Calling Cortez: Neil (Vol. 3)
The Minus 5
Believe it or not, Neil Young’s voice sets some people’s teeth on edge. Enter Scott McCaughey, the once-upon-a-time Young Fresh Fellow who began covering Young songs several years ago as part of his recovery from a stroke. Besides having good (and eclectic) taste in Young songs (“Out of My Mind,” “Misfits,” “Don’t Be Denied”), McCaughey has the vocal range and the emotional investment to put them across. He’s also tuned-in enough to Young’s radar to contribute compatible songs of his own. Don’t be surprised if someday Young covers “Let’s Build a Pyramid,” “One Last Tank,” and “Empty Quiver” on an album called Scott.
One version or another of this Swedish Christian band has been pounding out high-quality metal off and on (mostly on) for over 25 years, and it shows no signs of slowing down. There’s still thunder aplenty in the rhythm section, the keyboards still provide ’80s frosting, and, vocally, Christian Liljegren still gives Iron Maiden’s Bruce Dickinson a run for his money. Best of all, the group remains oblivious to nuance, but not artlessly or unimaginatively so. Gleefully, maybe.
Heart & Sacrifice
Sweet & Lynch
Sweet is Michael, the lead singer of Stryper. Lynch is George, the ex-Dokken guitarist and current guitarist of Lynch Mob. Sweet, Lynch, their bassist Alessandro Del Vecchio, and Faithsedge’s Giancarlo Floridia wrote all 12 songs. The lyrics, however, have Sweet (and maybe Floridia) stamped all over them, speaking as they frequently do for seekers on the verge of leaps of faith. On “After All Is Said and Done” and “World Full of Lies,” the band eases up a bit. On everything else, minor-key hooks and bludgeoning riffs (including one from Led Zeppelin’s “Kashmir”) face off in a high-volume slugfest that’s winner take all for sure.

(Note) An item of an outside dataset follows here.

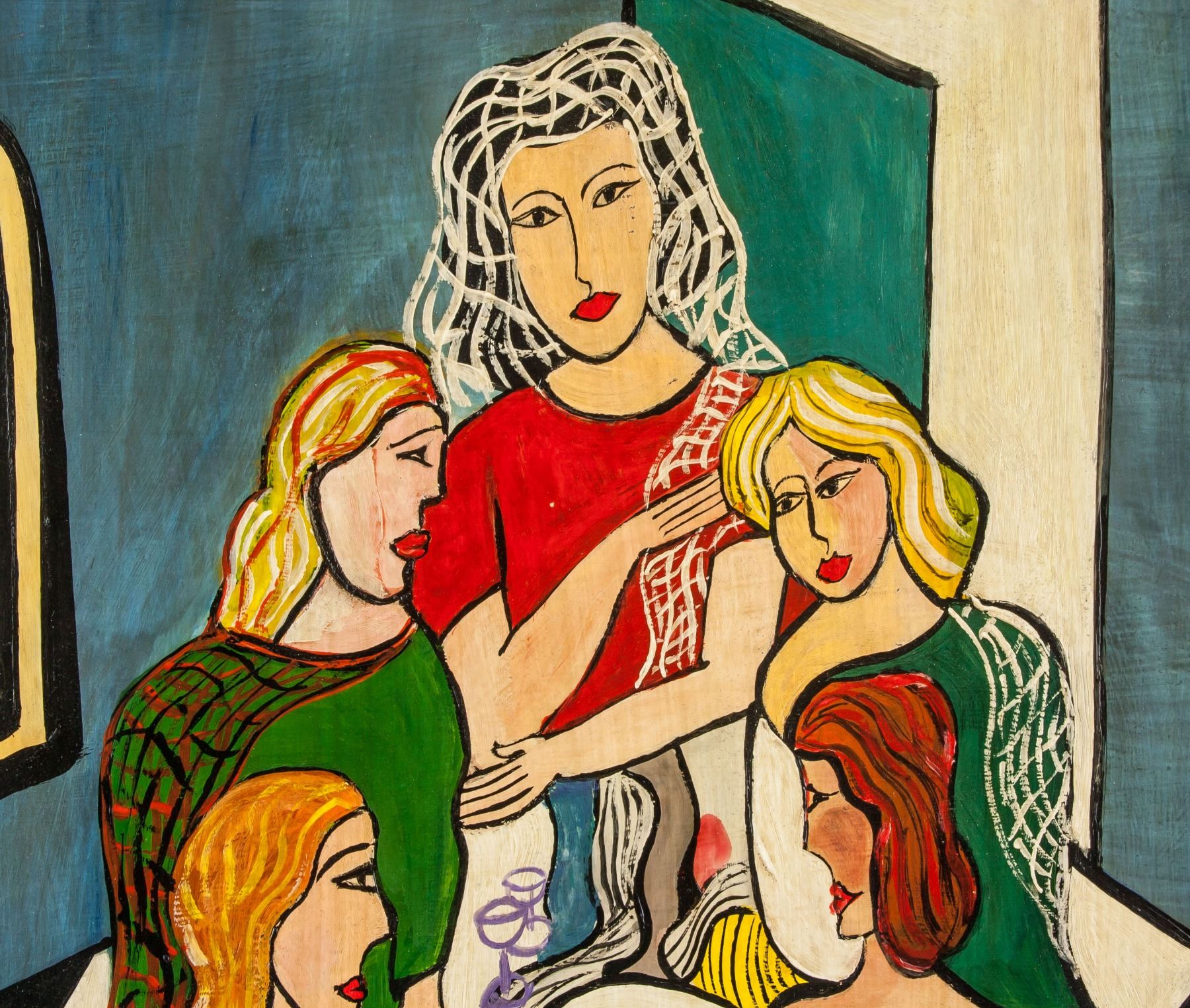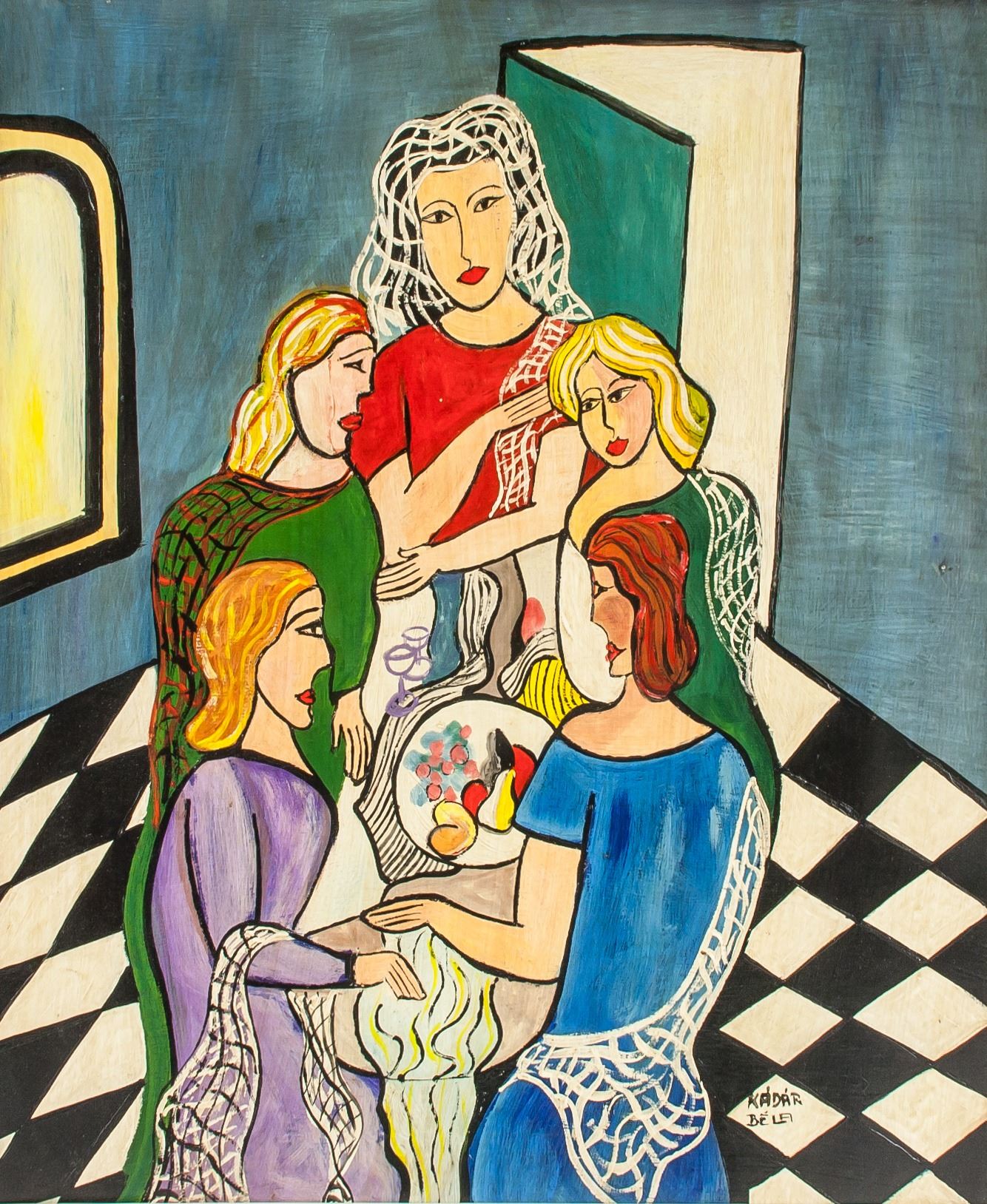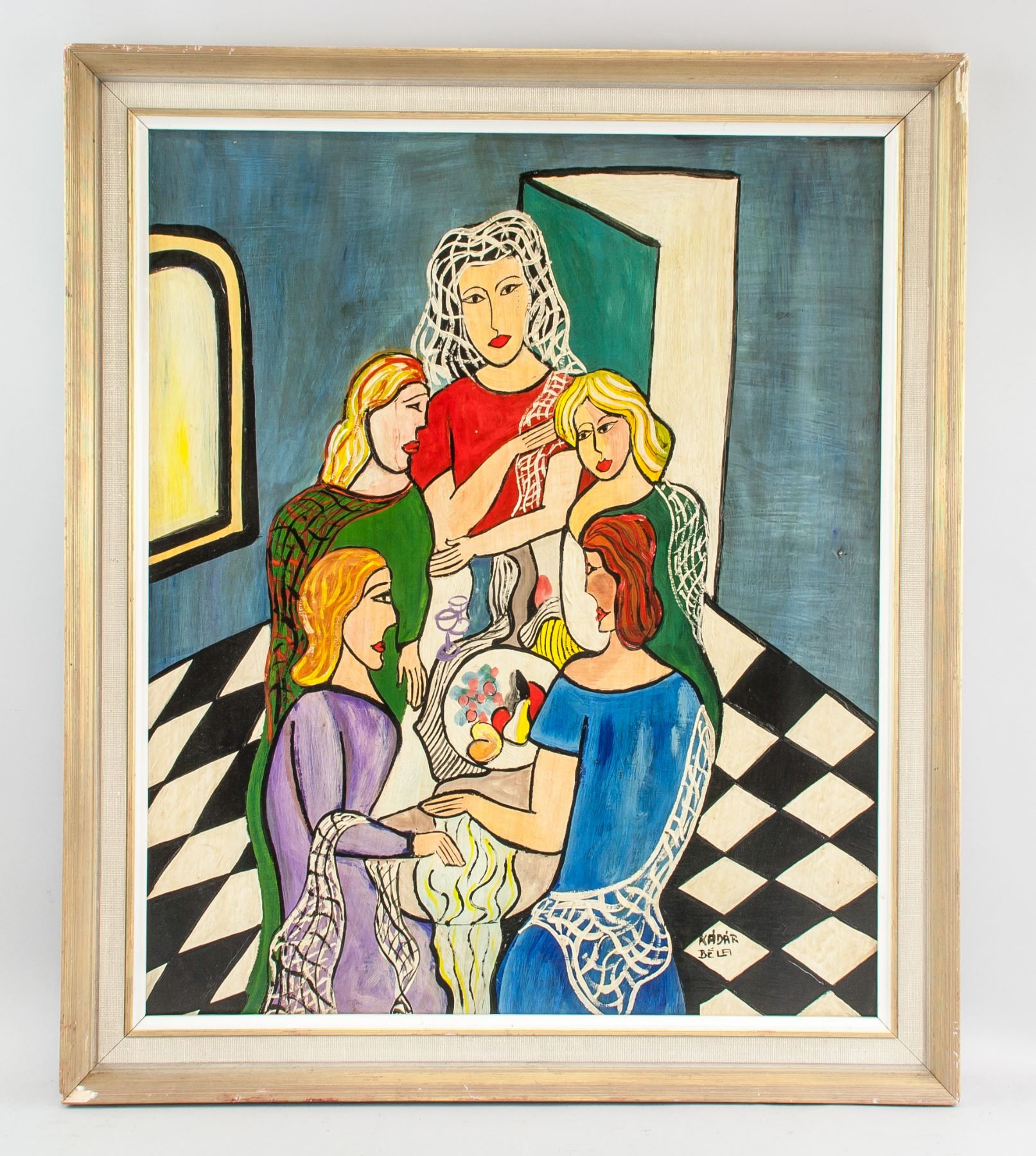 Oil on canvas painting. Featuring a group of women rendered in cubist style. Signed and attr. Bela Kadar (Hungarian, 1877-1956) on the lower right corner. 22.8 x 18.9 in. (58 x 48 cm). Hungarian artist Bela Kadar was born at Budapest and after his father’s death was apprenticed as an iron-turner. Attending the Budapest Academy of Fine Arts (where he won the Kohner Prize in 1910), Kadar’s early work demonstrated an affinity with the Secessionists and the Post-Impressionists. Incorporating and often synthesising stylistic elements of Cubism, Futurism, Surrealism, Constructivism and German Expressionism, Kadar’s decorative and metaphysical subject matter was often based upon Hungarian peasant culture and its ancient legends. Travelling to Berlin in 1923, Kadar began exhibiting with the highly influential Galerie Der Sturm. A meeting at the gallery with American collector Katherine Dreier lead to his work being included in the 1926 and 1928 Société Anonyme exhibitions at the Brooklyn Museum in New York organised by Dreier and the artists Man Ray and Marcel Duchamp. Politically left wing, Kadar spent a year in the Budapest ghetto (1944-45) where he managed to render almost 50 drawings about the pain and suffering he endured. However, he survived the war as one of Hungary's greatest modern artists. PROVENANCE: Private collection (Austria)
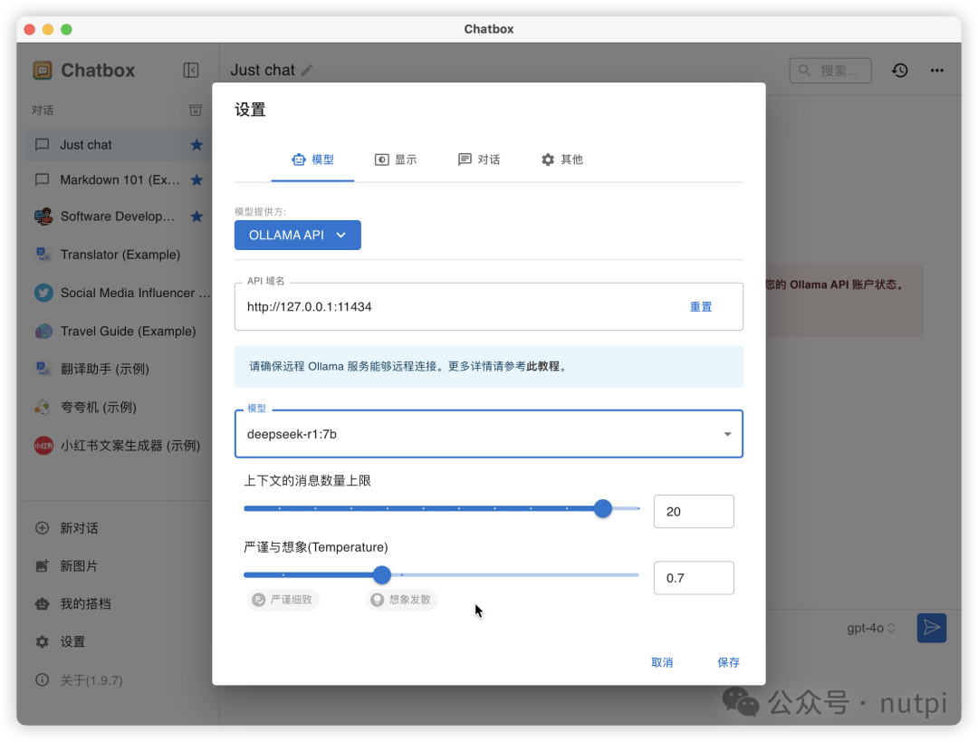 下载安装好 Chatbox 后,打开软件进行关键配置:

When Scott McCaughey isn’t heading up the Minus 5, he’s platooning with the Dream Syndicate’s Steve Wynn as the leader of the Baseball Project, an indie-rock all-star team (like the Minus 5) whose lineup includes R.E.M.’s Pete Buck and Mike Mills and Wynn’s wife Linda Pitmon. The recently released Grand Salami Time! is the Project’s fourth full-length collection of funny, poignant, hooky, and insightful rock ’n’ roll songs about and inspired by America’s national pastime.
The main prerequisite for enjoying them is a working knowledge of names such as Jim Bouton, Steve Blass, Dave Kingman, Shohei Ohtani, Carl Hubbell, Gaylord Perry, Dave Kingman, José Fernandez, Harmon Killebrew, Bowie Kuhn, Vin Scully, Dave Niehaus, and Bob Prince. But even people who can’t tell a fastball from a slurve or Joe Buck from Buck Owens will relate to “Journeyman” (about the loneliness of the jack of one trade) and “Having Fun” (without which, after all, a game is just a job). —A.O.